Summer
París, Francia. Una semana después.
Perdí todo. A mi madre, al amor, la ciudad donde viví toda mi vida. Me marché dejando atrás un montón de sueños rotos. Mi vida se hizo añicos en cuestión de días y yo sin saber por qué. Se podría decir que hui de mi realidad, pero ella no quiso darme la cara a tiempo. Una realidad que puso en duda todo lo que soy, de dónde vengo, y una vida que no fue más que una farsa que creí mía. Me lamenté durante meses, sufrí al punto de, a veces, cuestionar mi existencia.
Solo el hecho de imaginar su carita inocente me mantenía a flote.
Cinco años no han podido borrar mi dolor, mi vida, y por más que lo he intentado, no he podido olvidarlo a él.

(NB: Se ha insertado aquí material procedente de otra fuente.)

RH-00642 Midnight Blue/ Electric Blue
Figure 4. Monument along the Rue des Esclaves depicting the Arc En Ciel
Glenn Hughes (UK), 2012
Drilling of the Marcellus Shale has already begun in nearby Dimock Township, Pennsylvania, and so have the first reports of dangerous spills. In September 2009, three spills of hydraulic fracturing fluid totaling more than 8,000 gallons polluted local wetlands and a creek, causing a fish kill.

—¿Perdida en tus propios pensamientos? —La voz gruesa y calmada de Nathan hizo que dejara de mirar a la nada detrás del ventanal de cristal de mi oficina. El cuero de mi silla chirrió suavemente cuando volví a ocuparla mientras Nathan se acomodaba frente a mí, esparciendo en el aire leves rastros del perfume almendrado que siempre lo acompañaba.
—¿Qué tenemos para hoy?
—Ya están registradas las piedras para la próxima colección.
—¿Ya informaste a Nico?
—No. Él pidió que te informara directamente sobre este asunto —se acomodó en el asiento e, inclinándose un poco hacia adelante, indagó por enésima vez—: ¿Cuándo vas a creerte todo lo que has logrado?

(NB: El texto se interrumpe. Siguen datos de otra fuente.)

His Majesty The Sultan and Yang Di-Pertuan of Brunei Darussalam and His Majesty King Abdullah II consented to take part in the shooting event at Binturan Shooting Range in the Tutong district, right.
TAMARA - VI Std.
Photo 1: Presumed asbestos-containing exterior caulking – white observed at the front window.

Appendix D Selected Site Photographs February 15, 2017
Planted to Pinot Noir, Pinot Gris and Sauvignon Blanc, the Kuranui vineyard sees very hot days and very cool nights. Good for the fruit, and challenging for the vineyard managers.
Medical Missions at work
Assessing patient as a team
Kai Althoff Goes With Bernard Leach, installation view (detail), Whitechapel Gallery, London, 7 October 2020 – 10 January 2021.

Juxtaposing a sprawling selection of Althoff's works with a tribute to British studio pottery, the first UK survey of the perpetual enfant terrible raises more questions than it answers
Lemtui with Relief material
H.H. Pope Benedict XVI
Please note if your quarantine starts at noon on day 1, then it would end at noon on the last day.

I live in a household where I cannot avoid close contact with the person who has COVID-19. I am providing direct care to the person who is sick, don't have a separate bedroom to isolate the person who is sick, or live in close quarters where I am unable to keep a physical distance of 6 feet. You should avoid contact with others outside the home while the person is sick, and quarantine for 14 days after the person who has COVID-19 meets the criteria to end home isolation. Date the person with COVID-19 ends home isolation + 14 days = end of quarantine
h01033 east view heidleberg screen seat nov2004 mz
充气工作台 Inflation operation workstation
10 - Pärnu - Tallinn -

Agaché la mirada. Nathan era un hombre excepcional. Era el abogado de confianza de Nico y se encargaba de todos los aspectos legales de la empresa desde que murió su padre. Junto a su hermano, administraba el bufete de abogados de la familia Mercier, aquí en París.
Cuando llegué a la ciudad, era un cuerpo sin alma. Todo fue a peor al recibir la llamada de Nana para aclararme la situación: que la confusión de Iván se debía a que, de la nada, me había surgido una hermana gemela, Ivy. Gemela o no, él no confió en mí, ni siquiera me amó.

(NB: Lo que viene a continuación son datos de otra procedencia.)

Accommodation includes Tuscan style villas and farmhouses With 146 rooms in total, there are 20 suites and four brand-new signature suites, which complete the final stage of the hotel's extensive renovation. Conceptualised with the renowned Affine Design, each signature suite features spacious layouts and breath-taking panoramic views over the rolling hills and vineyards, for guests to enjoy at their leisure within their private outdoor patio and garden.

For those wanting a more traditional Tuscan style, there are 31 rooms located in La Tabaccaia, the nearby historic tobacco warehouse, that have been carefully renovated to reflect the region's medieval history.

Pasé un mes encerrada, casi al punto de perderme, hasta que un buen día, Paola, la esposa de Nico, entró en mi habitación y me puso los puntos sobre las íes. Casi llego al punto de una anemia severa por no comer adecuadamente; mi Max no merecía eso. Con la ayuda de todos, dejé de ser una mujer que sufría en cada rincón y me convertí en una madre, aunque mi hijo aún no había nacido. Estudié por los ambos, porque él solo me tendría a mí y por nosotros me convertí en la mujer que soy ahora.
Seguí sufriendo, pero en silencio.
Fue allí, en el intento por comenzar una nueva vida, cuando noté la presencia de Nathan, aunque según él, ya había notado la mía desde que llegué. La verdad, no lo recuerdo. Comentó una vez que moría de curiosidad por la chica que lloraba en cada rincón de la casa, y a quien todos intentaban consolar. Vuelvo y repito, no recuerdo haberlo visto durante esos días, hasta que, una tarde al volver de consulta, se acercó a mí en el jardín. Desde ese día se convirtió en un gran amigo y, aunque habían sucedido cosas especiales entre nosotros, no había logrado que mi corazón olvidara el amor que un día fue y quedó arraigado dentro de mí.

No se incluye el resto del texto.